Indian American Among 3 Charged With Conspiracy to Defraud Victims of More Than $3 Million

  • Vijay Vanam Reddy formerly operated a medical billing and answering service through which he and his co-conspirators advertised business opportunities for sale for medical contractors.

A Michigan man is among three men charged with conspiring to defraud at least 43 victims out of more than $3 million through the sale of phony business opportunities. Vijay Vanam Reddy 45, of Milan, Michigan, was arrested on Dec. 10 and charged with one count of conspiracy to commit wire fraud. His co-conspirators, David Weinstein 61, formerly of Cherry Hill, New Jersey, and now of Dallas, Texas and Kevin Brown, 61, of Burlington, New Jersey were arrested earlier and slapped with the same charges as Reddy.

As per a new release from Craig Carpenito, United States Attorney for the District of New Jersey, Brown acted as the business broker for most of the transactions and received a commission for the sales he brokered. Weinstein or Reddy acted as the seller and signed the contracts with the victims. Reddy, who was described to investors as a “marketing genius” formerly operated a medical billing and answering service business. Investors also were told Reddy had a “special talent” for finding doctors’ offices in need of business services.

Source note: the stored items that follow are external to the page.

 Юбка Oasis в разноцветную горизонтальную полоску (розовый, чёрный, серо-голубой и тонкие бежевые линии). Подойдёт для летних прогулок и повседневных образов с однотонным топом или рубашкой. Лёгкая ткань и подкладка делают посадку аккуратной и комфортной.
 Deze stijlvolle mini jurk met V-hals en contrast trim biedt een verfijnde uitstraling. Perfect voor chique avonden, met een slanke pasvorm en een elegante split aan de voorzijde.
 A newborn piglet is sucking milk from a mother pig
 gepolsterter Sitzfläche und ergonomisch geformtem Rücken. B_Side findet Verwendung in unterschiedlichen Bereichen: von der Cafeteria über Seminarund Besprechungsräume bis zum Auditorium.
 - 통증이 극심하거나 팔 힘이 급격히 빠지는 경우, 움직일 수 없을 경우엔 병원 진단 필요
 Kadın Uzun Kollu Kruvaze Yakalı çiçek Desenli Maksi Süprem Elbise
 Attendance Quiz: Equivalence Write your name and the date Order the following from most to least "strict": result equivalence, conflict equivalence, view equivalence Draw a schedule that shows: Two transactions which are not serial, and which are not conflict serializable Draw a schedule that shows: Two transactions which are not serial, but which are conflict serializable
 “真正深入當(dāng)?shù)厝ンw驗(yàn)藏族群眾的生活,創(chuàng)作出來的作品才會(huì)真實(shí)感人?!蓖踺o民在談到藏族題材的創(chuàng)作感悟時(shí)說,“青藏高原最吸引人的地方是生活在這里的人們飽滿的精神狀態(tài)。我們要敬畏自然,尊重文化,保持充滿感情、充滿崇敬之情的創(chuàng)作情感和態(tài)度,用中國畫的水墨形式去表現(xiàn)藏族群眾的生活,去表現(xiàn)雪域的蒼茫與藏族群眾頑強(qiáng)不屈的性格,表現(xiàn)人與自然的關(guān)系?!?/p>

From September 2015 through August 2018, Reddy and his co-conspirators advertised business opportunities for sale on various websites. They purported to sell “blocks” of contracts with medical providers who allegedly wanted to outsource their medical billing, collections, appeals, answering, credentialing, or transcription functions. After agreeing to purchase the blocks of medical providers, victims entered contracts with companies represented by Weinstein or Reddy and wired down payments ranging from $15,000 to $255,000 to accounts controlled by Weinstein or Brown. The remainder of each purchase price was payable when the conspirators fulfilled the contract by delivering the agreed-upon number of providers.

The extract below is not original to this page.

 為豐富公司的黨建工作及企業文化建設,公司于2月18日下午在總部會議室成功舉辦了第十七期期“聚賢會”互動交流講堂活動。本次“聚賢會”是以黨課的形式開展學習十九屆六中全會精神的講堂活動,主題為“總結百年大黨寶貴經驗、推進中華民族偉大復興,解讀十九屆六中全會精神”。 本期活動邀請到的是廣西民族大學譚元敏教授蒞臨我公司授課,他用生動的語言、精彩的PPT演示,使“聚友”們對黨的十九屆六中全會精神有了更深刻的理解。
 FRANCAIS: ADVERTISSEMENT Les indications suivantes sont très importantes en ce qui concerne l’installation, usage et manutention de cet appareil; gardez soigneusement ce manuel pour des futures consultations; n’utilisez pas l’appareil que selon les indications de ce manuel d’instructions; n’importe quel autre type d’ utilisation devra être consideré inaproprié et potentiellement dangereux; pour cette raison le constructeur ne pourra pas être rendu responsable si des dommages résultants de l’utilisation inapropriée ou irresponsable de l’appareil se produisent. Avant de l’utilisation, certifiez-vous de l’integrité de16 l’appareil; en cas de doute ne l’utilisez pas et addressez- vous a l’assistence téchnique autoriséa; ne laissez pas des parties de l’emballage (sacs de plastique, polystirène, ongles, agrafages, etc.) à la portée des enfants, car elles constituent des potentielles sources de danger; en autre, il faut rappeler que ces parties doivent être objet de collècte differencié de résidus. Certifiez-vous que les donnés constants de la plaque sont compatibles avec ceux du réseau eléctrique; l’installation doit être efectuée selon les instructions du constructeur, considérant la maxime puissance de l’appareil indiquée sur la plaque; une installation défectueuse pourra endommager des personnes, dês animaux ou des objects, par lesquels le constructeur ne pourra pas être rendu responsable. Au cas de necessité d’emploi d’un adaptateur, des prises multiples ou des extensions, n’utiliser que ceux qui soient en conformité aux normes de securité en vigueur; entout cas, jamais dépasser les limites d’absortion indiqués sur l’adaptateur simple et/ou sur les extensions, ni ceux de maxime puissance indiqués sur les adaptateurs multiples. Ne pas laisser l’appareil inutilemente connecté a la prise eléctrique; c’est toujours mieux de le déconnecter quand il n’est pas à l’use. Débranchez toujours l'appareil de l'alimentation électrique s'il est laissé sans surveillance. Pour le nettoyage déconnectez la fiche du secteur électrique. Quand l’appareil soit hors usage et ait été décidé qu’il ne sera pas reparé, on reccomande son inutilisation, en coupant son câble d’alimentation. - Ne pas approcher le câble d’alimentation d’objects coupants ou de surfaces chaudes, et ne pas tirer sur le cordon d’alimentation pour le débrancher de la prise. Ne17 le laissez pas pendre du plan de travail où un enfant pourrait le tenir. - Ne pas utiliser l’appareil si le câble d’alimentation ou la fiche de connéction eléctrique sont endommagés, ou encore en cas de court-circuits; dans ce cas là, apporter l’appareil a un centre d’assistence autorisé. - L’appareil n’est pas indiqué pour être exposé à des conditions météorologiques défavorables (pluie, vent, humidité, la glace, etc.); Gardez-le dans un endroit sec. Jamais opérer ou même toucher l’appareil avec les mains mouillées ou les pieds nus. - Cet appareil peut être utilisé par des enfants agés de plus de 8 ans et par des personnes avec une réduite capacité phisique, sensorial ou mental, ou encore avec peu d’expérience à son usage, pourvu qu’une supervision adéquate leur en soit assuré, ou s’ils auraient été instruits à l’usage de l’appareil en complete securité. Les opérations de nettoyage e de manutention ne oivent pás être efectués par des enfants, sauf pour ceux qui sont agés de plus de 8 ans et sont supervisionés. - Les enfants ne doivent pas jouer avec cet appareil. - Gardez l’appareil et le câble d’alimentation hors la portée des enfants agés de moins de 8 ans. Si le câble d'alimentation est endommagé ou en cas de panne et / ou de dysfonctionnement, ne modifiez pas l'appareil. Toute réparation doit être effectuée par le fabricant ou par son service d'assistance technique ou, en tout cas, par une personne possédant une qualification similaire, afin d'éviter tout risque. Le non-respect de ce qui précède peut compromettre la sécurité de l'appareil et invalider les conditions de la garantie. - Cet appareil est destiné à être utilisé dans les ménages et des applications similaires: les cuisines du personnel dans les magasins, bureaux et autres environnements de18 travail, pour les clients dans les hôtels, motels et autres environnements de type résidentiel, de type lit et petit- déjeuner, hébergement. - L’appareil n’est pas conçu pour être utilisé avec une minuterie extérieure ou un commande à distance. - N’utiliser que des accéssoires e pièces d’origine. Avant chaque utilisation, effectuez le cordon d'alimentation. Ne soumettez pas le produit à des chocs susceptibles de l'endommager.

After receiving the down payments, Weinstein and Reddy delivered to each victim only a small number of medical providers. Despite not fulfilling the contracts of any of the buyers identified by law enforcement, the conspirators continued to sell blocks of medical providers to new buyers and refused to provide refunds for their failures to satisfy the terms of the contracts. The conspirators also periodically sold batches of previously signed contracts and disclaimed further responsibility for those contracts to insulate themselves from complaints or legal action from disgruntled buyers.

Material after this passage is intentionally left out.